ASA Connect

As one of the earlier posts above pointed out, artificial intelligence is an attempt to build computers that work like the human mind.  (A more general definition might be "to work like the human mind, only better").  There are essentially two components to this, deductive reasoning and inductive reasoning.  Statistical inference is the formal arm of inductive reasoning which tries to draw general conclusions from specific sets of examples.  The conclusions drawn typically are then said to be true with a certain measure of probability. Deductive reasoning on the other hand starts with certain propositions which are assumed to be true, then, by a process of logical steps reaches conclusions that are (at least formally) true as well. 

To put this into terms that are a bit less philosophically oriented, inductive reasoning is that portion of the process involved with finding and verifying models, while deductive reasoning involves that part that uses the models to draw further conclusions.  

The early attempts to come up with artificial intelligence systems focused on the deductive reasoning side, modelling human decision making through sets of rules drawn from observed human decision makers that could then be combined to draw inferences.  This lead to the (largely failed) attempt to build "expert systems" that modelled the reasoning of human experts in a domain. A much more successful example of deductive inference AI systems (although almost never characterized as such) are things such as autopilots and anti-skid brakes which take well established models (mostly from physics) and use these to replace or augment humans in the execution of some task.

One of the earliest examples of inductive inference in artificial intelligence would be in the area of hand written character recognition initially developed to read zip codes on envelopes and packages. Although this also was seldom characterized as an example of artificial intelligence, it really does provide an example of teaching machines to do something that previously only a human could accomplish. (That this is still difficult for machines can be seen in the widespread use of CAPTCHA (the weird distorted characters you have to match) to login to certain websites).

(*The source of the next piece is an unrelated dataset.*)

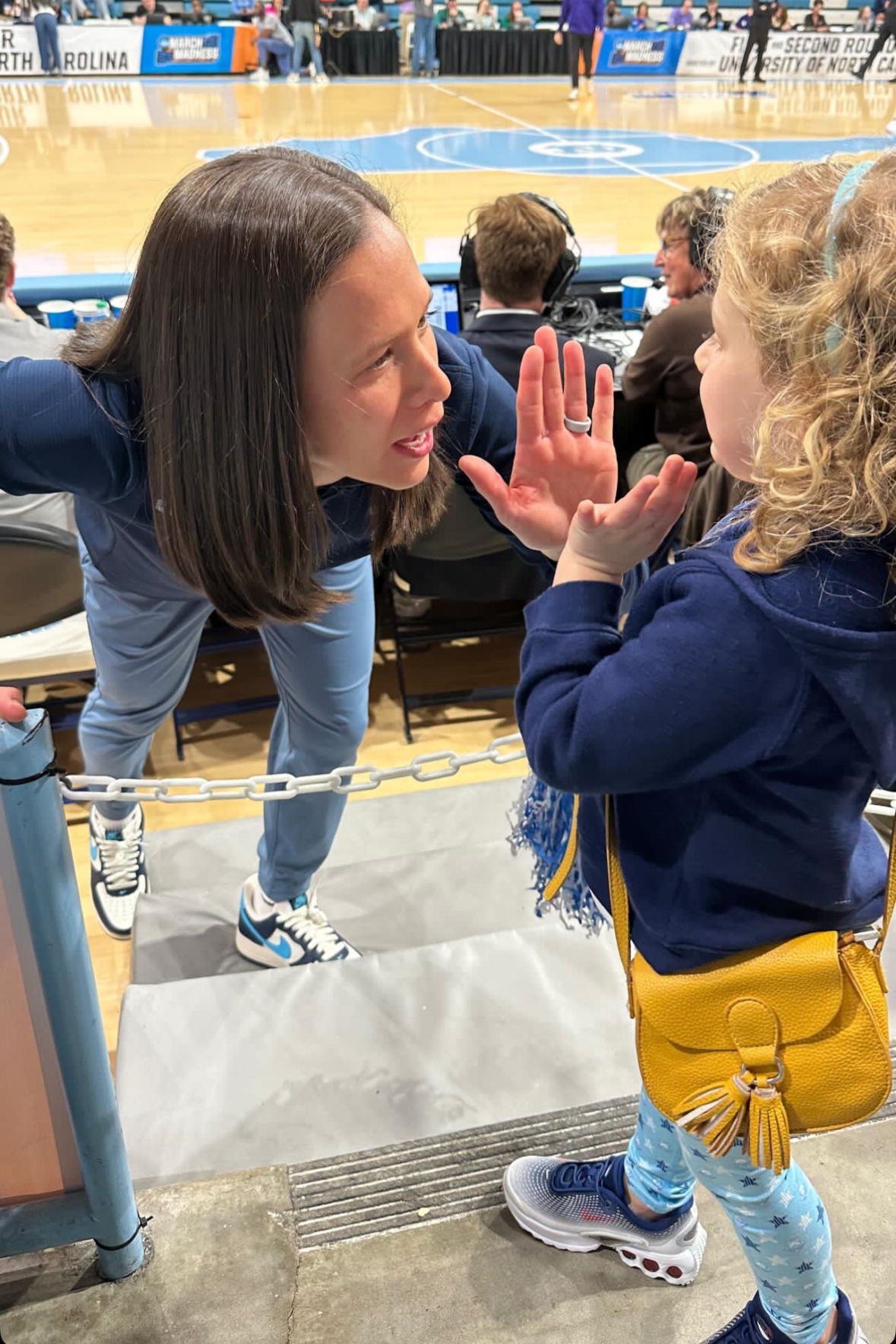 Columbia women’s basketball coach and King of Prussia native Megan Griffith (left) high-fives her niece, Carmen, who calls her Titi.

Other areas of artificial intelligence in which inductive inference (e.g. statistics) played a key role are automated translation, speech recognition, financial trading systems and automated game playing systems (e.g. TD-Gammon and AlphaGo) in all of which machines are reaching or exceeding human capabilities based on statistical models. 

The next question is: What is the difference between traditional statistics and artificial neural networks, data science, machine learning, big data or whichever current buzzword the computer science crowd has come up with for their brand of inductive inference that would be more closely associated in the public mind with artificial intelligence? In terms of the objectives of the disciplines and basic methodology, essentially nothing.  In terms of research style and emphasis on particular areas of statistical practice though, there are significant differences.

As noted previously, the inductive inference problem can be divided into two components:

-Model selection/hypothesis formation.

-Model/hypothesis testing or verification.

In traditional statistics, the first of these steps is something of a red headed step child, while in machine learning (or whichever name is currently popular) exploratory data analysis and non-parametric modelling methods are at the center of the enterprise.   Traditional statistics tends to favor model/hypothesis testing based on in-sample statistics using asymptotic values (normal, F, chi-squared, etc.) where in machine learning, tests are usually based on out-of-sample tests, using hold out sets or various types of data reuse methods (k-fold cross validation or bootstrapping).  The machine learning people are generally more willing to just "try something out" even if there is no theoretical underpinning to the method than the traditional statistics community and to do bake-offs comparing methods on simulated data or large data sets comparing results on out-of-sample data.  Finally, the machine learning crowd has a much higher density of Bayesians than is found in the traditional statistics community.

It should be noted though, that almost every method used in the machine learning world can be traced back to methods originally developed by someone in the traditional statistics community. (Particularly influential examples are Bradley Efron, Jerome Friedman, Trevor Hastie, Robert Tibshirani and Vladimir Vapnik). 

So where does all this leave us? Artificial intelligence attempts to emulate or improve on various types of human reasoning capabilities, one of which is to learn from experience (inductive inference).  To get machines to have these capabilities, one must give them a formalized system to accomplish this, which statistical methodology provides (under whichever name it is hiding). To reach true artificial intelligence though, one must take external human guidance and decision making out of all the steps of a statistical modelling process, from which we are still well removed.